College of Electronic Information and Optical Engineering, Nankai University, Tianjin, 300350, China.
Neural Netw. 2024 Nov;179:106541. doi: 10.1016/j.neunet.2024.106541. Epub 2024 Jul 14.
Compressed Sensing (CS) is a groundbreaking paradigm in image acquisition, challenging the constraints of the Nyquist-Shannon sampling theorem. This enables high-quality image reconstruction using a minimal number of measurements. Neural Networks' potent feature induction capabilities enable advanced data-driven CS methods to achieve high-fidelity image reconstruction. However, achieving satisfactory reconstruction performance, particularly in terms of perceptual quality, remains challenging at extremely low sampling rates. To tackle this challenge, we introduce a novel two-stage image CS framework based on latent diffusion, named LD-CSNet.

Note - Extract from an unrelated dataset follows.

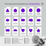 Esse modelo pode compactar até 3.600 comprimidos por hora de trabalho, necessitando apenas do abastecimento de material na cuba do equipamento. Com alta pressão e controle ajustável, a Compressora Automática de Comprimidos Pequenos da Cetro produz inúmeros tamanhos de comprimidos redondos e garante que o processo seja otimizado.

In the first stage, we utilize an autoencoder pre-trained on a large dataset to represent natural images as low-dimensional latent vectors, establishing prior knowledge distinct from sparsity and effectively reducing the dimensionality of the solution space. In the second stage, we employ a conditional diffusion model for maximum likelihood estimates in the latent space. This is supported by a measurement embedding module designed to encode measurements, making them suitable for a denoising network. This guides the generation process in reconstructing low-dimensional latent vectors. Finally, the image is reconstructed using a pre-trained decoder. Experimental results across multiple public datasets demonstrate LD-CSNet's superior perceptual quality and robustness to noise. It maintains fidelity and visual quality at lower sampling rates. Research findings suggest the promising application of diffusion models in image CS. Future research can focus on developing more appropriate models for the first stage.

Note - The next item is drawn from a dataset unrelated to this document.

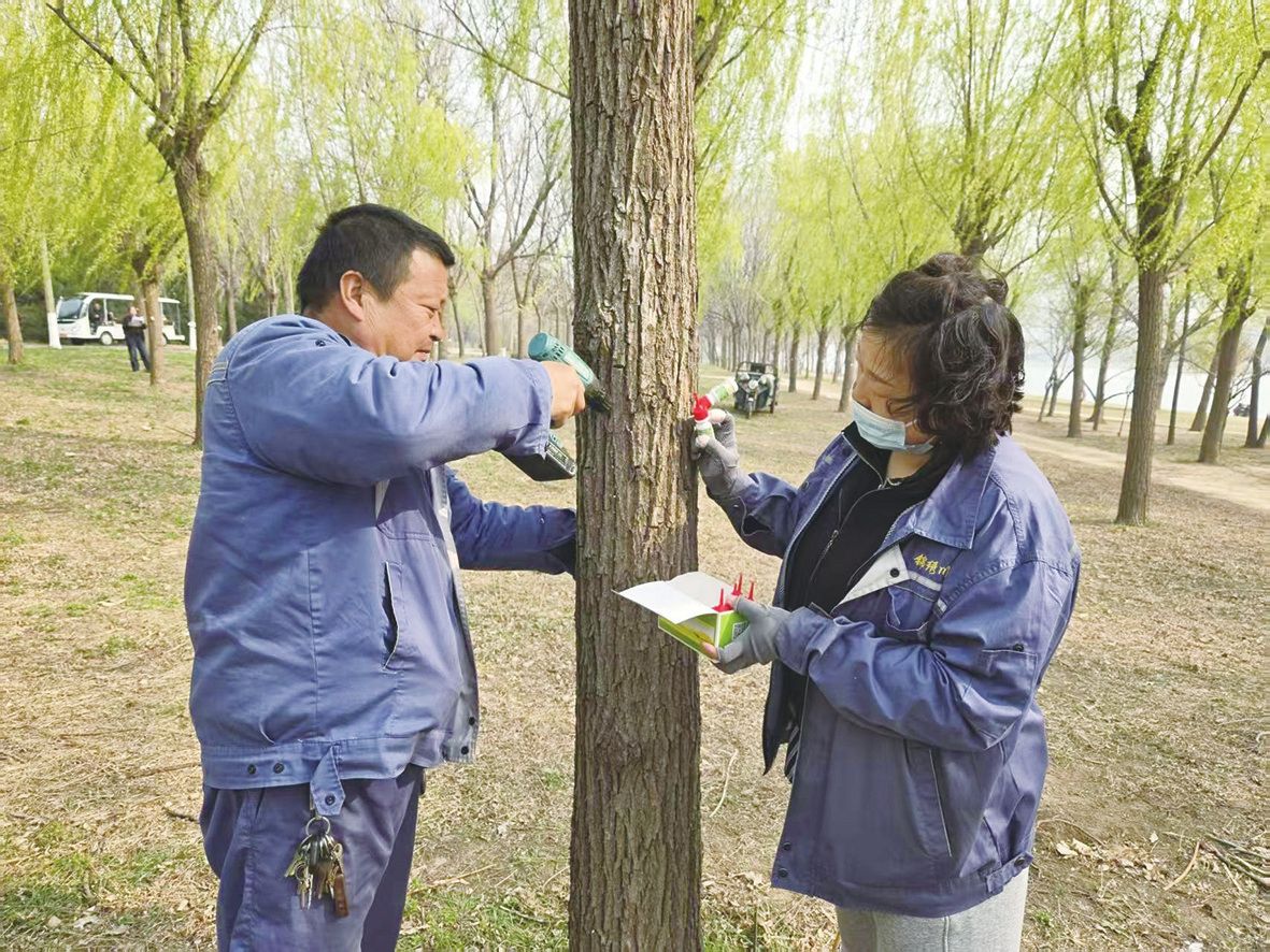 眼下,楊柳飛絮防控工作進入關(guān)鍵籌備期。市城管局錦繡川景區(qū)依托往年楊柳樹排查數(shù)據(jù)庫,組織工作人員開展了新一輪全面拉網(wǎng)式排查,對景區(qū)內(nèi)所有楊柳樹進行逐株登記、精準(zhǔn)識別。3月下旬,搶抓春季樹木樹液流動關(guān)鍵期,對楊柳樹雌株集中開展抑制劑注射作業(yè)。“我們根據(jù)樹木胸徑大小確定打孔數(shù)量和施藥量,確保藥劑能夠隨樹木蒸騰作用均勻擴散至樹冠各個部位,有效調(diào)控花芽分化,抑制次年飛絮生成?!卞\繡川景區(qū)綠化保潔隊副隊長劉琳介紹,截至目前,景區(qū)已為重點區(qū)域1800余株楊柳樹雌株開展飛絮抑制劑注射作業(yè),并將持續(xù)推進治理工作,確保實現(xiàn)全覆蓋、無遺漏。

压缩感知 (CS) 是图像获取领域的一项突破性范例,挑战了奈奎斯特-香农采样定理的限制。这使得仅使用少量测量值即可进行高质量的图像重建。神经网络强大的特征归纳能力使先进的数据驱动 CS 方法能够实现高保真度的图像重建。然而,在极低的采样率下,要实现令人满意的重建性能,尤其是在感知质量方面,仍然具有挑战性。为了解决这个挑战,我们引入了一种基于潜在扩散的新型两阶段图像 CS 框架,称为 LD-CSNet。在第一阶段,我们利用在大型数据集上预训练的自动编码器将自然图像表示为低维潜在向量,建立与稀疏性不同的先验知识,并有效地降低解决方案空间的维度。在第二阶段,我们在潜在空间中使用条件扩散模型进行最大似然估计。这得到了一个测量嵌入模块的支持,该模块旨在编码测量值,使其适合去噪网络。这指导了在重建低维潜在向量时的生成过程。最后,使用预训练的解码器重建图像。跨多个公共数据集的实验结果表明,LD-CSNet 在感知质量和抗噪性方面具有优势。它在较低的采样率下保持保真度和视觉质量。研究结果表明,扩散模型在图像 CS 中有很有前途的应用。未来的研究可以集中于为第一阶段开发更合适的模型。